Wednesday, March 18, 2009

The novel is not novel

Bloggers in bathrobes beware. The journalists are taking writing back.

I read the Seattle Post Intelligencer today. Online. That’s the only way you can find it. The P.I. printed its last paper paper yesterday.

A few weeks ago, The Rocky Mountain news printed its final paper paper after 150 some odd years, and just this week a group of former journalists from this daily decided to revive “The Rocky” …online.

I think this is great. I stopped reading the paper paper long ago.

Going paperless is obvious. The environment. The social sharing/emailing, “Hey y’all check this out” aspect. The business perspective is streamlined.

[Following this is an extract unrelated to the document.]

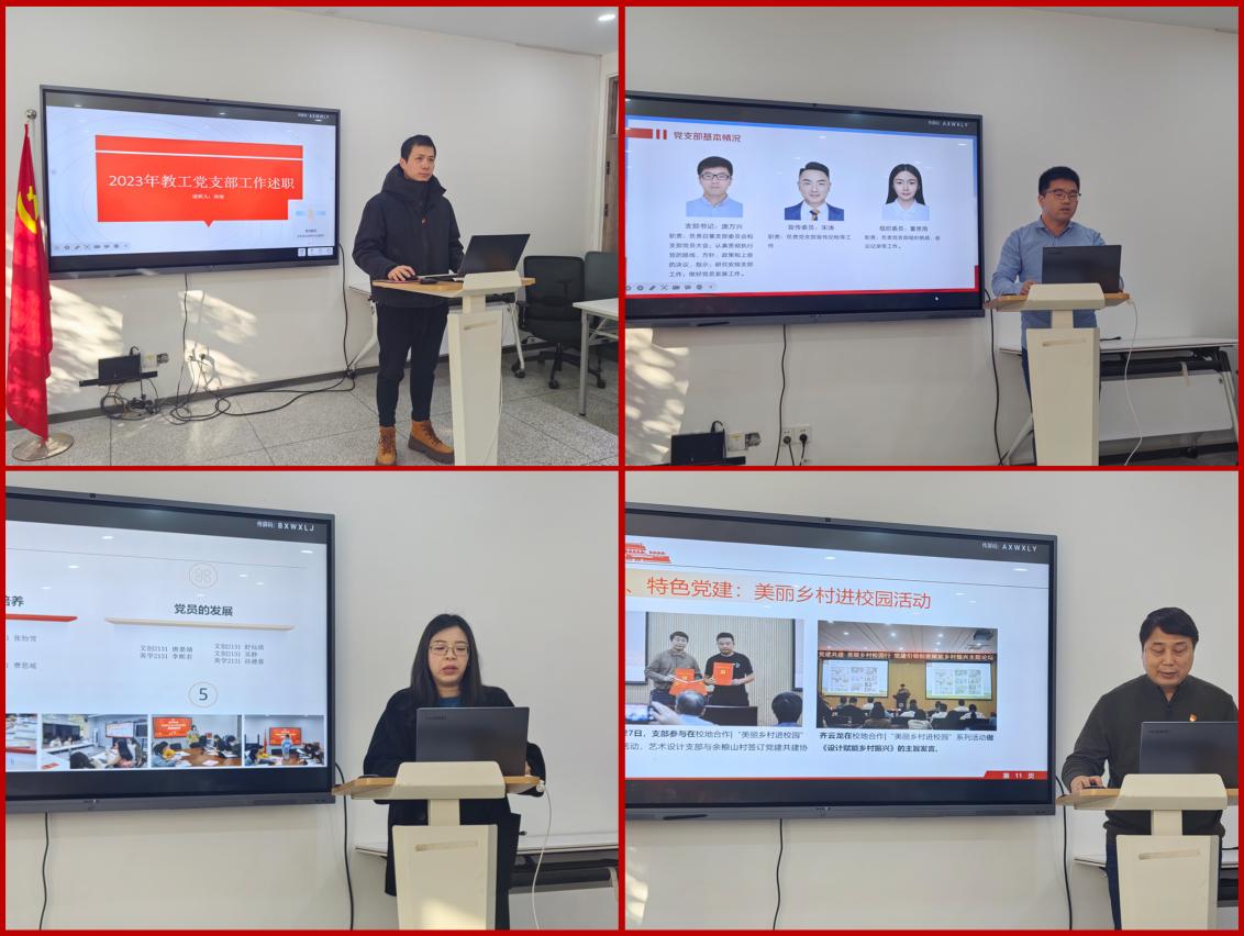 会上,产品艺术设计学生党支部书记林梦霞、教工党支部书记孙迪、艺术设计学生党支部书记齐云龙、工业设计学生党支部书记庞万兴分别进行了现场述职。各支部书记汇报支部一年来的建设情况,重点围绕党建基础工作、党建联建、支部特色品牌创建、现存的问题以及未来工作展望等方面进行了详细的汇报。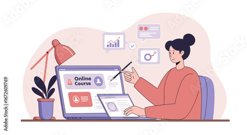 Woman making online payment with credit card, flat vector illustration. Happy girl shopping for clothing, groceries and other goods on the internet using mobile phone. E-commerce, online store.

No paper costs, no circulation sales staff, no distribution costs. With some electricity and good writing all the functions of publishing-- editing, printing, distribution, and consumption all take place online.

This idea is certainly not novel: Kindle, Kindle 2, Sony Reader, Adobe Acrobat, PDF, Plastic Logic, and and and. Check it out at the NYTimes

So paper or plastic?

I think in the not too distant future, we will look back at hardcopies (newsprint, magazines, and books) and think it’s kind of neat. Like 8-tracks or cassette tapes or even CD’s. This change is not a bad thing. The printed word has not been around for ever, either. Henry Fielding’s Tom Jones, arguably the first novel ever (hence the name) was published in 1749. 250 years ago. Gutenberg’s Bible was printed only 250 years before that.

I can imagine a Nancy Drew type story in the future where Nancy uncovers an old house from the 2000’s and they have a library (physical library). Neato! You might even hear Nancy shriek, “Look. This is a printed book. It’s not searchable!”

I know writers out there probably feel differently, but do we want the book (magazine, newspaper) or do we want the story?

I look forward to the print free world. And you?